Colomé essaye de justifier l'existence du BOC en arguant du fait qu'il n'est pas possible de former un parti de masse. Il montre ainsi une totale incompréhension de la conception traditionnellement bolchevique du parti et de son rôle. Par parti "de masse" nous ne voulons pas dire une organisation qui inclurait la majorité des gens, mais une organisation capable de les emmener dans la lutte. Le parti russe bolchevique n'a pas eu plus de 240.000 membres à la veille de la révolution d'Octobre, pourtant il a mené la lutte victorieuse de millions d'ouvriers et de paysans. Cette minorité pouvait mener une majorité décisive d'opprimés, précisément parce qu'elle a lutté résolument contre le confusionnisme, a eu des principes idéologiques clairs et n'a fait aucune concession aux sympathisants et aux alliés. Le Parti communiste pouvait diriger tous les opprimés, en maintenant son identité de parti du prolétariat (pas des ouvriers et paysans - deux classes distinctes) qui émanciperait toutes les victimes du capitalisme. Faire autrement mène aux défaites catastrophiques comme ça s’est produit en Chine où le Parti communiste a subordonné le prolétariat au Kuomintang – un équivalent du BOC. Comme Lénine disait en 1913 : "il est absolument nécessaire que nous commencions par nous séparer et organisions le prolétariat. Ce n’est qu’après que nous pourrons inviter chacun à participer."
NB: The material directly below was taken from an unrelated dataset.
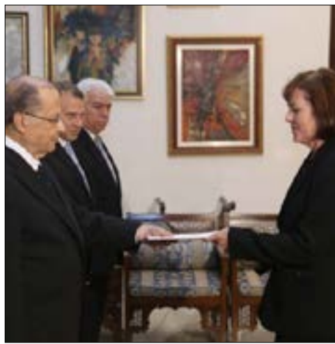
عون يتسلم اوراق اعتماد السفارة الاميركية اليزابيت ريتشارد

ولادة الحكومة». وقد أشار الرئيس بري لـ «الأخبار» إلى أن «الأمر لا تزال على حالها، وهو لن يفتح أي موضوع بشأن أي حقيبة مع رئيس تيار المرده سليمان فرنجية، لأنه لا وجود لأي عرض من الرئيس الحريري على عكس كل ما يشاع». وفيما نقلت قناة «أو تي في»، أمس عن مصادر مواكبة لتأليف الحكومة أن «البحث دخل جدياً في عرض حقيبة وزارية على تيار المرده، غير الحقائق الثلاث التي يطالب بإحداها حالياً، أي وزارات الاتصالات، الطاقة والأشغال»، سرت معلومات غير مؤكدة تفيد بأن «الرئيس عون مستعد لحل العقدة المتعلقة بحقيبة المرده، لكنه في انتظار الوزير باسيل لبت هذا الأمر». وقالت مصادر سياسية إن «باسيل سيزور رئيس القوات اللبنانية سمير جعجع، للتباحث في أمر حقيبة الأشغال»، بالتزامن مع ما تردد عن «زيارة سيقوم بها جعجع إلى قصر بعيدا». الى ذلك، دعت كتلة «الوفاء للمقاومة» إلى «الإسراع في تأليف الحكومة»، مشيرة الى أنه «لا مبرر للتأخير، وخصوصاً أن العقوبات ليست عصبية على الحل»، مطالبة بـ «توسيع قاعدة التمثيل لتشمل كل المكونات». وفي بيان لها بعد اجتماعها أمس، أعربت الكتلة عن استهجانها لـ «المماطلة في انجاز قانون الانتخاب، وكان المقصود احباط الشعب الذي يرفض التمديد وقانون الستين».

Ce que nous devons faire c’est construire un parti national avec des idées claires et une tactique adéquate qui s’organisera dans les usines et les organisations ouvrières, élargissant sa propagande aux paysans et son influence partout, entraînant les masses derrière elle. Les organisations comme le BOC ne peuvent que semer la confusion, rendant plus difficile l'idée d'un parti discipliné et combatif devant s’enraciner parmi les ouvriers. Ces organisations perpétuent l'idéologie petite-bourgeoise si profondément enracinée dans notre pays. Le BOC, de part sa composition sociale et son hétérogénéité, ne peut pas être un outil révolutionnaire, et tombera en morceaux au premier coup de la réaction. Le parti est une organisation de combattants, de soldats de la révolution. Ce ne peut pas être une organisation de sympathisants, qui ne veulent pas cotiser ou à peine, et qui pourraient abandonner au premier signe de danger.
Nous ne doutons pas de la sincérité communiste de certains des chefs du BOC, surtout des ouvriers qui sont dans ses rangs. Cependant, les principes mencheviks sur lesquels le BOC est fondé le mèneront inévitablement à l'opportunisme débridé, et ses dommages pour la cause communiste. Le fait que le BOC expulse systématiquement des communistes, comme ceux de l'Opposition de gauche et ceux du groupe d'Arlandis-Sesé, tandis qu'il inclut sympathisants d'Estat Català et de Nosaltres Tots , surréalistes et francs-maçons, doit ouvrir les yeux des militants honnêtes qui continuent à y voir une organisation communiste.
Le Bloque Obrero y Campesino a fait seulement ses premières pas. Il ne s'arrêtera pas là, mais suivra la route de l’opportuniste, poussée par l'afflux massif d’éléments petit-bourgeois. Avec des idées comme celles avancées par Colomé, le Bloc deviendra bientôt une extrême-gauche de la bourgeoisie, le successeur de Macià[1] sur sa gauche, et s’écroulera bruyamment, après une période de progrès rapide.
Article publié dans Comunismo n°8, janvier 1932.
- ↑ Francesc Macià (1859-1933), dirigeant du catalanisme de gauche : fonde Estat Català en 1922 puis Esquerra Republicana de Catalunya , qui gagne les élections municipales de 1931. Président de la Généralité (1931-1933).